» **Your instructions**
From the entries that follow, list every line in which the string "sredstev" appears.

» **Data for processing**
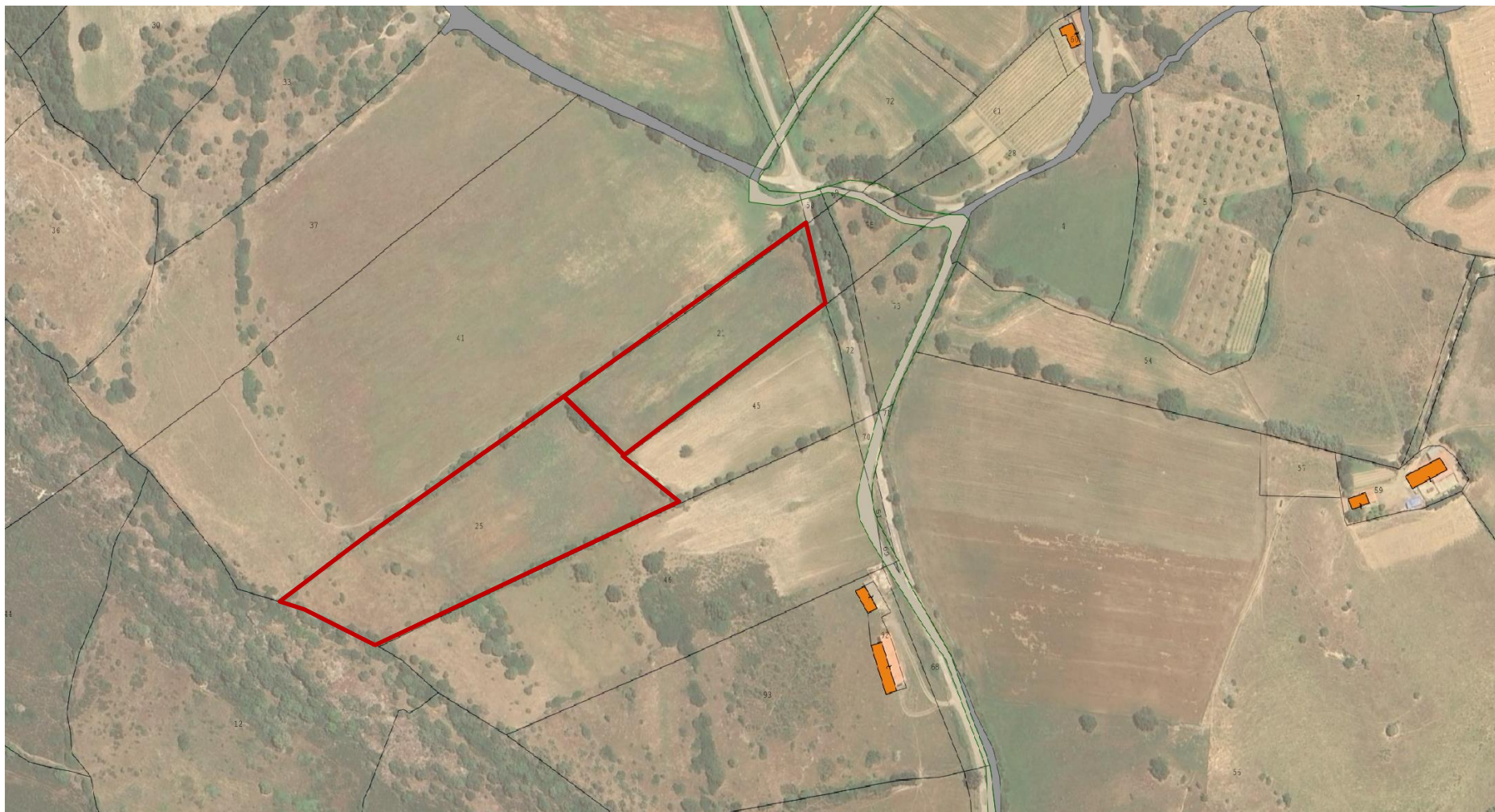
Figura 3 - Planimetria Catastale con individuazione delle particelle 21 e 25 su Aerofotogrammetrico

--

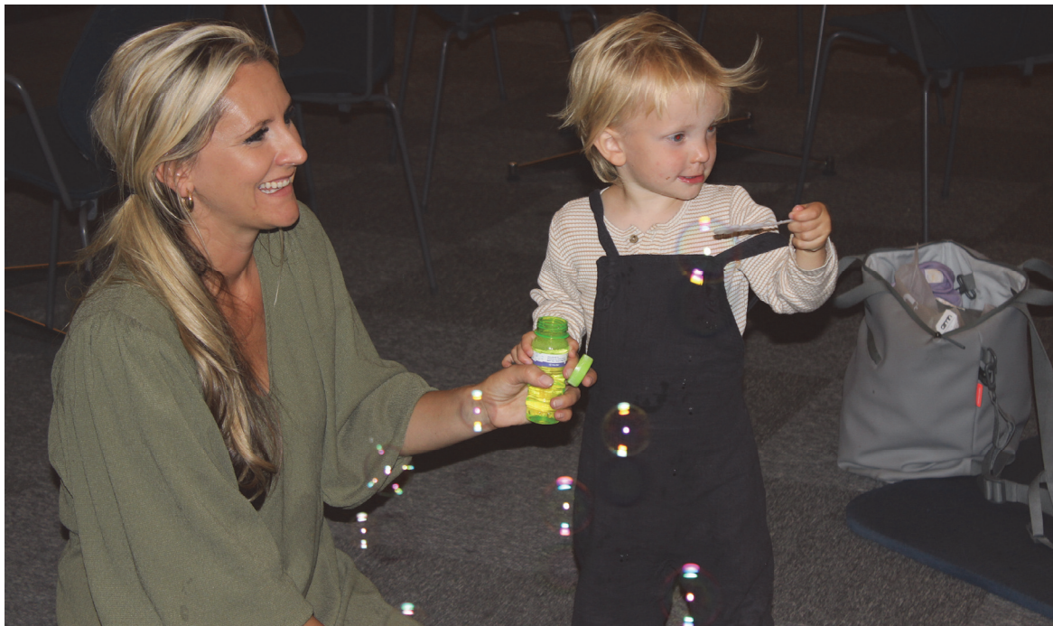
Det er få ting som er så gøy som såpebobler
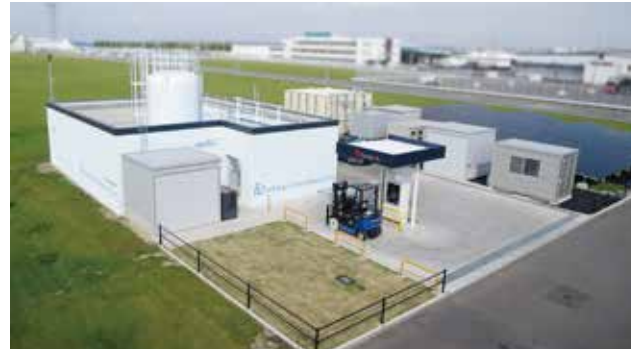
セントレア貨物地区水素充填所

...

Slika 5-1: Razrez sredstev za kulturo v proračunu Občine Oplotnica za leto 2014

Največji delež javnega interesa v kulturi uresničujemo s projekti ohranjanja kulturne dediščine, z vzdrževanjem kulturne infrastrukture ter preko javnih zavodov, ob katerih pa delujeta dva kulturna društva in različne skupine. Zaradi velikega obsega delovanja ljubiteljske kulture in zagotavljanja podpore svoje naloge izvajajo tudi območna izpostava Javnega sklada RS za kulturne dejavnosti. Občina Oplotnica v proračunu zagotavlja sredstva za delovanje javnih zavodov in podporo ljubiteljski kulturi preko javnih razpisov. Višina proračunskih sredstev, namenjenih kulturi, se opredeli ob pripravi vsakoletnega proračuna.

» **Solution for this exercise**
Slika 5-1: Razrez sredstev za kulturo v proračunu Občine Oplotnica za leto 2014
Največji delež javnega interesa v kulturi uresničujemo s projekti ohranjanja kulturne dediščine, z vzdrževanjem kulturne infrastrukture ter preko javnih zavodov, ob katerih pa delujeta dva kulturna društva in različne skupine. Zaradi velikega obsega delovanja ljubiteljske kulture in zagotavljanja podpore svoje naloge izvajajo tudi območna izpostava Javnega sklada RS za kulturne dejavnosti. Občina Oplotnica v proračunu zagotavlja sredstva za delovanje javnih zavodov in podporo ljubiteljski kulturi preko javnih razpisov. Višina proračunskih sredstev, namenjenih kulturi, se opredeli ob pripravi vsakoletnega proračuna.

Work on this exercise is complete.